Just to support the identification issue:
How many people do think that this is serious? Still, this can happen.
I can not avoid to quote LeVel and grietsc about such things: when I enter my bank, I must look into a camera that take a picture of my face, and sometimes I have to take off my glasses because the system won't recognize a face if I'm wearing them. And I think my glasses are much more needed that whatever kind of clothes there might be. What if a burqed woman want to enter the same bank? Is she allowed to enter just because religion forbid her to show her face in public? How much time until bank robbers will show up in burqas and are granted free access everywhere?
And what the camera does, the bank clerks should do themselves if they had not the automatic system. Try to enter a bank with your helmet on... And you can always take off your helmet, while you can't with burqa. It is "religious" and what is important is exactly the prohibition to show one's face.

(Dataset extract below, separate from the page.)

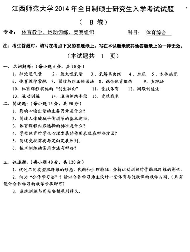 2014年江西师范大学346体育综合[专业硕士]考研真题

Very different from the scarf (@ sonza68 - emo-kids CAN brush their hair away, if requested, sso your comparison, unfortunately, is flawed. (and I am not sure it is not a shame that we can't ban emo-kids)).

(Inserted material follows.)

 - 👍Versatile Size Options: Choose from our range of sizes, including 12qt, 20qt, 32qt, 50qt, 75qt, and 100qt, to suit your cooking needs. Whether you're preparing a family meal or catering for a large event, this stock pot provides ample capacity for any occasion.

The ability to identify someone is not dictated by some sort of fascism, but from the need of a society, and it's not a simple question of freedom submitted to law, because yes, this spoils some of our "freedoms", but the possibility of identifying you is part of the freedom of every other person you meet everyday, especially if they are interacting with you. So no freedom lost to one side means one freedom lost to the other. There is no exit.

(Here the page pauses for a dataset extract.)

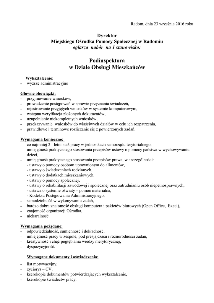 Radom, dnia 23 września 2016 roku Dyrektor Miejskiego Ośrodka Pomocy Społecznej w Radomiu ogłasza nabór na 1 stanowisko: Podinspektora w Dziale Obsługi Mieszkańców – Wykształcenie: wyższe administracyjne Główne obowiązki: – przyjmowanie wniosków, – prowadzenie postępowań w sprawie przyznania świadczeń, – rejestrowanie przyjętych wniosków w systemie komputerowym, – wstępna weryfikacja złożonych dokumentów, – uzupełnianie niekompletnych wniosków, – przekazywanie wniosków do właściwych działów w celu ich rozpatrzenia, – prawidłowe i terminowe rozliczanie się z powierzonych zadań. Wymagania konieczne: – co najmniej 2 - letni staż pracy w jednostkach samorządu terytorialnego, – umiejętność praktycznego stosowania przepisów ustawy o pomocy państwa w wychowywaniu dzieci, – umiejętność praktycznego stosowania przepisów prawa, w szczególności: - ustawy o pomocy osobom uprawnionym do alimentów, - ustawy o świadczeniach rodzinnych, - ustawy o dodatkach mieszkaniowych, - ustawy o pomocy społecznej, - ustawy o rehabilitacji zawodowej i społecznej oraz zatrudnianiu osób niepełnosprawnych, - ustawa o systemie oświaty – pomoc materialna, - Kodeksu Postępowania Administracyjnego, – samodzielność w wykonywaniu zadań, – bardzo dobra znajomość obsługi komputera i pakietów biurowych (Open Office, Excel), – znajomość organizacji Ośrodka, – niekaralność. Wymagania pożądane: – odpowiedzialność, sumienność i dokładność, – umiejętność pracy w zespole, pod presją czasu i różnorodności zadań, – kreatywność i chęć pogłębiania wiedzy merytorycznej, – dyspozycyjność. Wymagane dokumenty i oświadczenia: – – – – list motywacyjny, życiorys – CV, kserokopie dokumentów potwierdzających wykształcenie, kserokopie świadectw pracy, – – – – – – kserokopie zaświadczeń o ukończonych kursach, szkoleniach (w przypadku posiadania takich), kserokopie zaświadczeń i opinii o ukończonym stażu, przygotowaniu zawodowym (w przypadku posiadania takich), referencje od poprzednich pracodawców (w przypadku posiadania takich), oryginał kwestionariusza osobowego (do pobrania w Internecie na stronie www.bip.mops.radom.pl w zakładce: zarządzenie wprowadzające regulamin naboru), własnoręcznie podpisane oświadczenie kandydata o korzystaniu z pełni praw publicznych i o niekaralności za przestępstwo popełnione umyślnie, własnoręcznie podpisane oświadczenie kandydata o wyrażeniu zgody na przetwarzanie danych osobowych do celów rekrutacji. Dokumenty należy składać lub przesyłać w terminie do: – 10 dni od daty ukazania się ogłoszenia, pod adresem: Miejski Ośrodek Pomocy Społecznej w Radomiu, ul. Limanowskiego 134, sekretariat - pokój 03 z dopiskiem “Oferta pracy nr 12/16" Inne informacje: – oferty osób nie zakwalifikowanych zostaną zniszczone, – osoby, których oferty zostaną odrzucone, nie będą powiadamiane, – oferty, które wpłyną po wyżej określonym terminie nie będą rozpatrywane, – otrzymanych dokumentów nie odsyłamy, – informacja o wstępnej weryfikacji oraz wyniku naboru będzie umieszczona na stronie internetowej Biuletynu Informacji Publicznej oraz na tablicy informacyjnej w siedzibie Miejskiego Ośrodka Pomocy Społecznej w Radomiu, ul. Limanowskiego 134. Konkurs zostanie przeprowadzony zgodnie z Regulaminem przeprowadzania procesu naboru na wolne kierownicze stanowiska urzędnicze i wolne stanowiska urzędnicze w Miejskim Ośrodku Pomocy Społecznej w Radomiu wprowadzonym Zarządzeniem Dyrektora Miejskiego Ośrodka Pomocy Społecznej w Radomiu nr 18/05 z dnia 7 grudnia 2005 roku z późn. zm. Informuję, że wskaźnik zatrudnienia osób niepełnosprawnych w Ośrodku, w rozumieniu przepisów o rehabilitacji zawodowej i społecznej oraz zatrudnianiu osób niepełnosprawnych wynosi powyżej 6%. Dyrektor Miejskiego Ośrodka Pomocy Społecznej w Radomiu mgr Marcin Gierczak

Besides, Islam do not force burqa on women AT ALL, even if the burqa supporters say so. This is evident by looking at the fact that a great variety of veils exist, like chador, niqab, hijab, and other. Many islamic cultures allow a form of veil that leaves the face completely visible, so the presence of a more covering veil is a pure cultural heritage, not religious in a strict sense. I must also remember, just as a note, that cultural, or even religious dictates are not forcefully "good" just because they exist or are practiced (that would be the exact and similarly mindless opposite of those saying that what is different is therefore wrong), and tolerance means to have an open mind towards everything that is different, unknown and maybe better, it does not mean a passive acceptance of everything that meets the only requirement of being fancied by the first person you can meet in a street.